(Stored data entries)
# # #

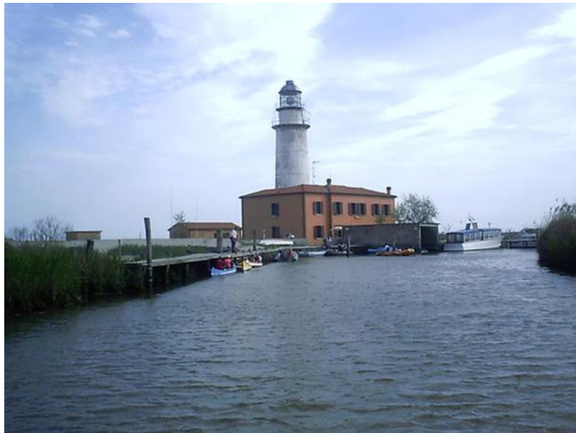
Faro del Bacucco

Io sono nato a quaranta chilometri più a ovest., a Papozze, in una golena che il Po forma prima di dividersi in Po di Goro e Po di Venezia. Lì inizia il Delta.
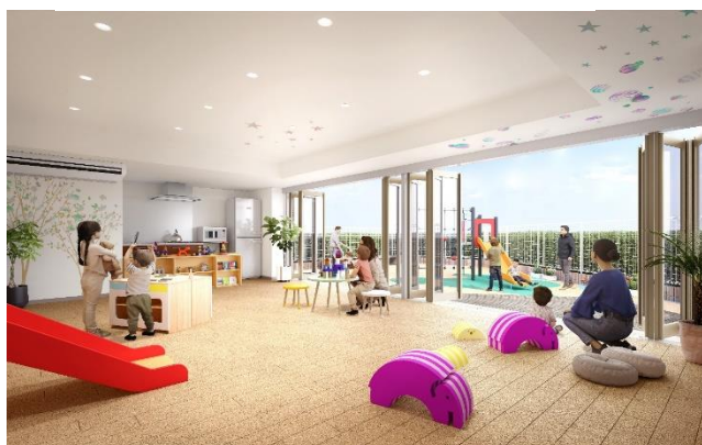
キッズスペースイメージ
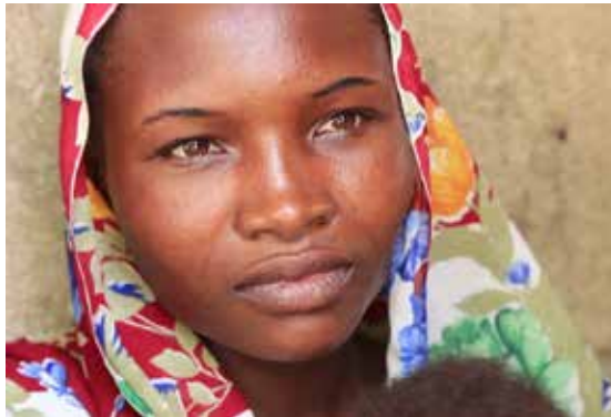
அதிகரித்து வரும் உணவுப் பொருள்களின் விலையேற்றம் உலகம் முழுவதும் கூடுதலாக 40

விழுக்காடு மக்கள் உணவுப் பற்றாக்குறைக்கு ஆளாகி இருக்கின்றனர் என ஐ.நா. தெரிவித்துள்ளது. ஐ.நா.வின் உலக உணவுத் திட்டத்தின் அறிக்கையில், மக்களுக்கு இடையேயான மோதல், காலநிலை மாற்றம் மற்றும் கொரோனா தொற்று காரணமாக உணவுப் பற்றாக்குறையால் 27 கோடி மக்கள் பாதிக்கப்பட்டுள்ளனர் என கூறப்பட்டுள்ளது. இவை தவிர சர்வதேச சந்தையில் விற்கப்படும் உணவுப் பொருள்களின் விலை கிட்டத்தட்ட 34 விழுக்காடு உயர்ந்துள்ளதாக அந்த அறிக்கையில் தெரிவிக்கப்பட்டுள்ளது. லெபனான் நாட்டில் கோதுமை மாவின் விலை 219 மடங்கும், சமையல் எண்ணெயின் விலை 440 மடங்கும் உயர்ந்திருப்பதையும் ஐ.நா. அறிக்கையில் சுட்டிக் காட்டப்பட்டுள்ளது.
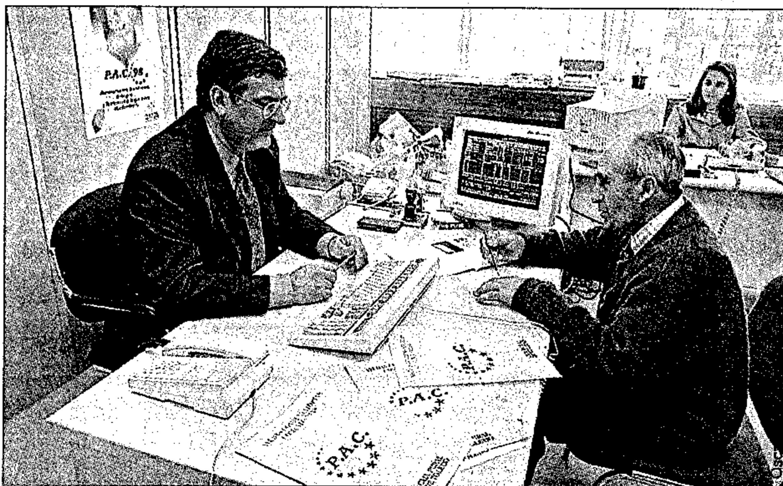
Los agricultores deberán afrontar en el año 2000 nuevos cambios en las ayudas de la PAC

al cumplimiento de determinadas normas medioambientales en la medida que puede suponer una competencia desleal dependiendo del punto en que se parta. Esto preocupa más si se piensa que en una región como Castilla-La Mancha, para alcanzar más competitividad se debe aumentar la productividad marginal en casi todas las producciones, y esto se consigue utilizando más inputs.
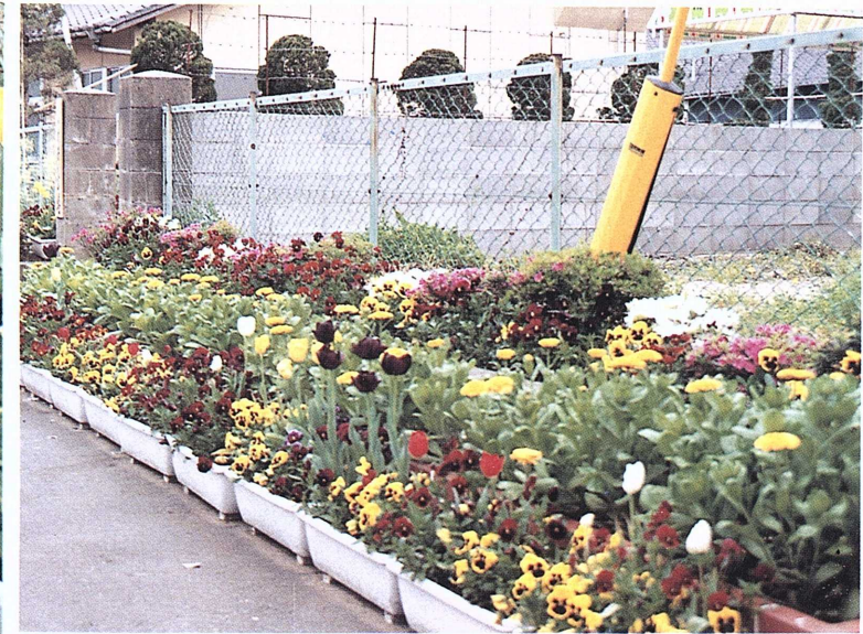
どこかで、見つけた
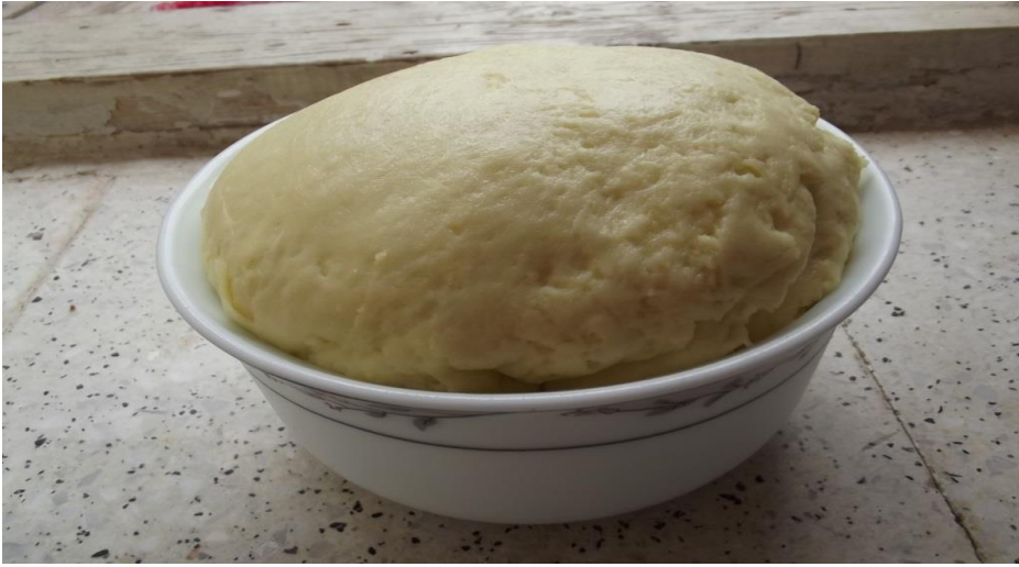
Görsel 28. Deleme

Çiğ süt ekşitildikten sonra ocağa konulup hafif ısıtılır. Isınan süt bir torbaya dökülüp sızdırılır. Sütün artık suyu sızdıktan sonra bir kapta ufalanır ve bekletilir. Ocağa tekrar süt koyulur ve kaynatılır. Kaynayan sütün üzerine ufalanan malzeme dökülür. Malzeme ile kaynayan süt tekrar bir torbaya dökülür ve suyunun çıkması beklenir. Suyu çıkan ve katı hâle gelen malzeme sıcakken bir kaba dökülür. Kaba dökülen malzemeye biraz kaymak, tereyağı ve tuz eklenip hızlıca karıştırılır. Yoğurularak katılaştıran bu karışım küçük kaplara koyularak soğuk yerde bekletilir. Bu peynir yapı olarak kaşar peynirine benzemektedir (KK1, 8).
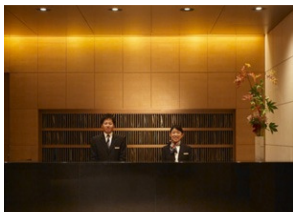
【愛宕グリーンヒルズ プラザ】
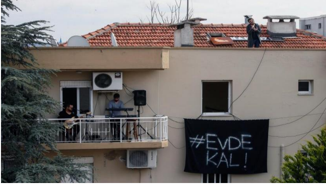
Resim 1. İzmir’de bir grubun Covid-19 dönemi balkon konseri.

Mahallenin, “aileden kamuya öğretici bir geçiş rolü üstlenen sıcak kamu alanı” (Aktaş, 2015: 37) olarak tanımlanmasındaki “aşinalık” duygusuna yapılan vurgu, bu süreçte kısmen de “hastalığın izlenmesi” şeklini almış; etraftaki dairelerden gelen öksürük vb. seslerin izlenmesine, cep telefonlarına indirilen teknolojik programlarla yakınlarda hasta olup olmadığının araştırılmasına dönüşmüştür.

# # #

→ **TASK PROMPT**:
When you reach a picture in the records above, pass over it and transcribe the rest exactly.

→ **RESULT BELOW**:
Faro del Bacucco

Io sono nato a quaranta chilometri più a ovest., a Papozze, in una golena che il Po forma prima di dividersi in Po di Goro e Po di Venezia. Lì inizia il Delta.
キッズスペースイメージ
அதிகரித்து வரும் உணவுப் பொருள்களின் விலையேற்றம் உலகம் முழுவதும் கூடுதலாக 40

விழுக்காடு மக்கள் உணவுப் பற்றாக்குறைக்கு ஆளாகி இருக்கின்றனர் என ஐ.நா. தெரிவித்துள்ளது. ஐ.நா.வின் உலக உணவுத் திட்டத்தின் அறிக்கையில், மக்களுக்கு இடையேயான மோதல், காலநிலை மாற்றம் மற்றும் கொரோனா தொற்று காரணமாக உணவுப் பற்றாக்குறையால் 27 கோடி மக்கள் பாதிக்கப்பட்டுள்ளனர் என கூறப்பட்டுள்ளது. இவை தவிர சர்வதேச சந்தையில் விற்கப்படும் உணவுப் பொருள்களின் விலை கிட்டத்தட்ட 34 விழுக்காடு உயர்ந்துள்ளதாக அந்த அறிக்கையில் தெரிவிக்கப்பட்டுள்ளது. லெபனான் நாட்டில் கோதுமை மாவின் விலை 219 மடங்கும், சமையல் எண்ணெயின் விலை 440 மடங்கும் உயர்ந்திருப்பதையும் ஐ.நா. அறிக்கையில் சுட்டிக் காட்டப்பட்டுள்ளது.
Los agricultores deberán afrontar en el año 2000 nuevos cambios en las ayudas de la PAC

al cumplimiento de determinadas normas medioambientales en la medida que puede suponer una competencia desleal dependiendo del punto en que se parta. Esto preocupa más si se piensa que en una región como Castilla-La Mancha, para alcanzar más competitividad se debe aumentar la productividad marginal en casi todas las producciones, y esto se consigue utilizando más inputs.
どこかで、見つけた
Görsel 28. Deleme

Çiğ süt ekşitildikten sonra ocağa konulup hafif ısıtılır. Isınan süt bir torbaya dökülüp sızdırılır. Sütün artık suyu sızdıktan sonra bir kapta ufalanır ve bekletilir. Ocağa tekrar süt koyulur ve kaynatılır. Kaynayan sütün üzerine ufalanan malzeme dökülür. Malzeme ile kaynayan süt tekrar bir torbaya dökülür ve suyunun çıkması beklenir. Suyu çıkan ve katı hâle gelen malzeme sıcakken bir kaba dökülür. Kaba dökülen malzemeye biraz kaymak, tereyağı ve tuz eklenip hızlıca karıştırılır. Yoğurularak katılaştıran bu karışım küçük kaplara koyularak soğuk yerde bekletilir. Bu peynir yapı olarak kaşar peynirine benzemektedir (KK1, 8).
【愛宕グリーンヒルズ プラザ】
Resim 1. İzmir’de bir grubun Covid-19 dönemi balkon konseri.

Mahallenin, “aileden kamuya öğretici bir geçiş rolü üstlenen sıcak kamu alanı” (Aktaş, 2015: 37) olarak tanımlanmasındaki “aşinalık” duygusuna yapılan vurgu, bu süreçte kısmen de “hastalığın izlenmesi” şeklini almış; etraftaki dairelerden gelen öksürük vb. seslerin izlenmesine, cep telefonlarına indirilen teknolojik programlarla yakınlarda hasta olup olmadığının araştırılmasına dönüşmüştür.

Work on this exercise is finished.